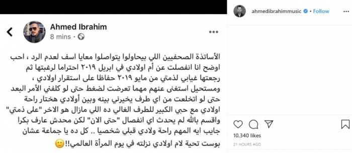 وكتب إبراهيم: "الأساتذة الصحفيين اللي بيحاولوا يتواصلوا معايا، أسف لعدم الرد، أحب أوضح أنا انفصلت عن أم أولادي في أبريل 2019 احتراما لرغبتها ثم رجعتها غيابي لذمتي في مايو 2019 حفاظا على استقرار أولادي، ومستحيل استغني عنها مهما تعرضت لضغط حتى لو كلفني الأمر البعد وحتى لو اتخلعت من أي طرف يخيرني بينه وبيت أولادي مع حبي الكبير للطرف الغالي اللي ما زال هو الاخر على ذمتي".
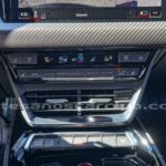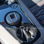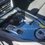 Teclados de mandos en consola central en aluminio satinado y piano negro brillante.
· · · · ·
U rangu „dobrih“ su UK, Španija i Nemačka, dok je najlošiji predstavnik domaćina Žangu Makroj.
· · · · ·
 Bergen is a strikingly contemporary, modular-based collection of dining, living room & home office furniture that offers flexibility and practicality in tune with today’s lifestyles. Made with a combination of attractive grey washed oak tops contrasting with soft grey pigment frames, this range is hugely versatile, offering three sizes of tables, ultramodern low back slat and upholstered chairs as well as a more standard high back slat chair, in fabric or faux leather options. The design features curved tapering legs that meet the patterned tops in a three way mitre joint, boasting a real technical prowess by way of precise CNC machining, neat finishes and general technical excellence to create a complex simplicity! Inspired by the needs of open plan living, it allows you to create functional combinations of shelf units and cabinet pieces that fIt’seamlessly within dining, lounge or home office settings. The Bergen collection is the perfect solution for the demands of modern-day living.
· · · · ·
● HOW TO COMPLETE THIS TASK: Print from the line containing "الصحفيين اللي بيحاولوا" through the line containing "Teclados de mandos" in the data above, exactly as the lines stand, and omit every picture.

● TASK ANSWER:
 وكتب إبراهيم: "الأساتذة الصحفيين اللي بيحاولوا يتواصلوا معايا، أسف لعدم الرد، أحب أوضح أنا انفصلت عن أم أولادي في أبريل 2019 احتراما لرغبتها ثم رجعتها غيابي لذمتي في مايو 2019 حفاظا على استقرار أولادي، ومستحيل استغني عنها مهما تعرضت لضغط حتى لو كلفني الأمر البعد وحتى لو اتخلعت من أي طرف يخيرني بينه وبيت أولادي مع حبي الكبير للطرف الغالي اللي ما زال هو الاخر على ذمتي".
 Teclados de mandos en consola central en aluminio satinado y piano negro brillante.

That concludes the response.